Depending on the heating method used and/or the specific composition of the Mg-based alloy, it may be sufficient if only the heating source is turned off or only the heating is stopped in order to achieve a sufficiently rapid cooling, in particular by heat conduction of the component to produce a supersaturated solid solution phase. Thus, if the surface layer is heated using an electric arc, for example, thermal energy can be supplied in a fast and space-limited manner, wherein the heat conduction of the component or the component material is sufficient for cooling the heating zone of the surface layer when the electric arc is switched off or the heating is stopped, so that a supersaturated solid solution phase is usually formed.

It is advantageous if the surface is cooled in a strengthened manner in order to ensure a reliable arrangement of the surface layer with supersaturated solid solution phases. Here, the intensive cooling means that cooling is performed with an additional measure to increase the cooling rate of the surface layer, in particular compared to cooling of the surface layer itself after heating is stopped.

High corrosion resistance can be obtained if the cooling of the surface layer is carried out with a gas flow, in particular an air flow, or with a liquid bath, in particular a water bath. It is therefore possible to ensure significant homogeneity of the supersaturated solid solution phase. In particular with liquid baths, mainly water baths, into which the component or the surface layer is usually at least partially immersed for cooling, high cooling rates can be achieved and thus advantageously high homogeneity of the supersaturated solid solution phase can be obtained. When the cooling of the surface layer is performed with a gas flow or a water bath, a simple and labor-saving procedure is obtained.

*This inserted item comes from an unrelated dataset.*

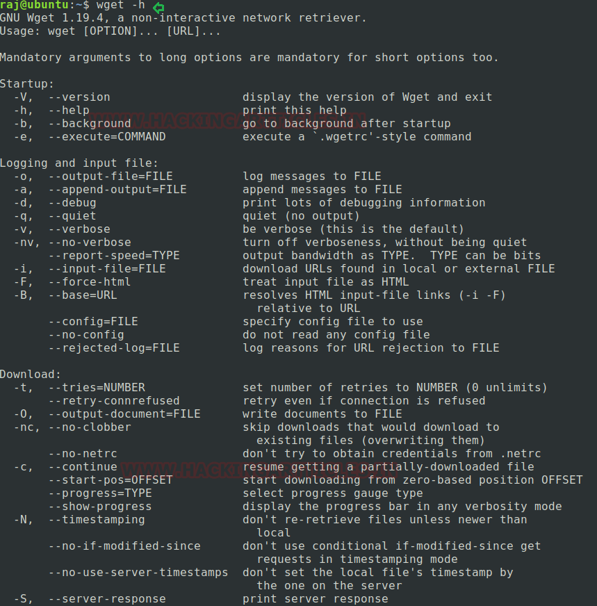 The more functionality of this command can be briefly understood by using its help command. Here we are using -h argument for this function. As we can see by the below image which showing list of many arguments that can be used with Wget command while executing it. For viewing as below image, we will simply type the command on our Linux screenshot as showing below:

The method according to the invention is particularly suitable if the magnesium-based alloy comprises, as the second major component, in addition to magnesium as the main component, also aluminum. This applies above all to magnesium-based alloys, which, apart from magnesium as main component (in% by weight), comprise,

greater than 0.0% to 20% aluminum,

optionally greater than 0.0% to 1% zinc,

the balance being magnesium and production related impurities.

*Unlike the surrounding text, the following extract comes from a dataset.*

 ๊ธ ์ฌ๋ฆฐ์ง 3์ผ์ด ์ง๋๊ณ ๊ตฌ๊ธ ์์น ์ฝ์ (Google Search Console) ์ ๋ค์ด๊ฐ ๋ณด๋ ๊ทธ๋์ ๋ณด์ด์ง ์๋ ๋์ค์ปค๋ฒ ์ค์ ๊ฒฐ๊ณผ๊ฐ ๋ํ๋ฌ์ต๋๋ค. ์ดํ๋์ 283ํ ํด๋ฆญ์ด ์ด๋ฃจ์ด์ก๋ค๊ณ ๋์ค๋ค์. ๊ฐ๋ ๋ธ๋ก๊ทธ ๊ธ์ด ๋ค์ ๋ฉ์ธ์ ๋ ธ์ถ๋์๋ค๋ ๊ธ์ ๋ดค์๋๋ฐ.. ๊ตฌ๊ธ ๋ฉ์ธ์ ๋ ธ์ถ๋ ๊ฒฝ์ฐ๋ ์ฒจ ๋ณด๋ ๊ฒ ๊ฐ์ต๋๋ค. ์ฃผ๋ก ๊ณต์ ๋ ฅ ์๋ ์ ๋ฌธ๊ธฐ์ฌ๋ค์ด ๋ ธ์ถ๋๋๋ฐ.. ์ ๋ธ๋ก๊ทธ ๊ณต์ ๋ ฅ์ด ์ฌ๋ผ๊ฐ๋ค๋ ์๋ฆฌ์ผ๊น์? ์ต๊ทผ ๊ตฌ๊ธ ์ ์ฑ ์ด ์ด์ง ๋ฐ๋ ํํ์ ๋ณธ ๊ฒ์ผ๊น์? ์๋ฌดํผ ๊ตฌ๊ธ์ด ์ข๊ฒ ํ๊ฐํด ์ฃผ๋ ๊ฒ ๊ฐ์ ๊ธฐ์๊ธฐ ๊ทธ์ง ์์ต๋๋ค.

If, in addition to aluminum and zinc according to the aforementioned content ranges, the magnesium-based alloy is formed with manganese, preferably in an amount of more than 0.0 wt.% to 0.5 wt.%, the corrosion resistance can be further improved.

In particular the known class of AZ alloys, referred to according to the customary abbreviation names based on ASTM standards, such as for example AZ31(Mg-Al 3% -Zn 1%, in weight%), AZ61(Mg-Al 6% -Zn 1%, in weight%) or AZ91(Mg-Al 9% -Zn 1%, in weight%), has proved very suitable for improving the corrosion resistance according to the method of the invention according to the preceding paragraph.

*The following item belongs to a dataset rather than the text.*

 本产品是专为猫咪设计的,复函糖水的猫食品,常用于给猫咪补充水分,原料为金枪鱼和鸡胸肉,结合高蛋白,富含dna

Another object of the invention is achieved by a corrosion resistant component of the type mentioned at the beginning, in particular obtainable by the aforementioned method, wherein the corrosion resistant component comprises a surface layer having a defined thickness and an inner region adjoining the surface layer, wherein the surface layer and the inner region are formed from or by a magnesium based alloy, wherein the surface layer is formed with a supersaturated solid solution phase and the surface layer and the inner region have different phase structures. Since the surface layer is formed with or from a supersaturated solid solution phase, it constitutes a barrier or protective layer against exposure to external galvanic corrosion, and thus protects the internal region in particular. The surface layer thus typically has a thickness of only a few millimetres at the most, whereby the mechanical properties of the corrosion resistant component (which are usually mainly determined by the phase structure of the inner zone) remain substantially unchanged compared to a component not comprising such a surface layer.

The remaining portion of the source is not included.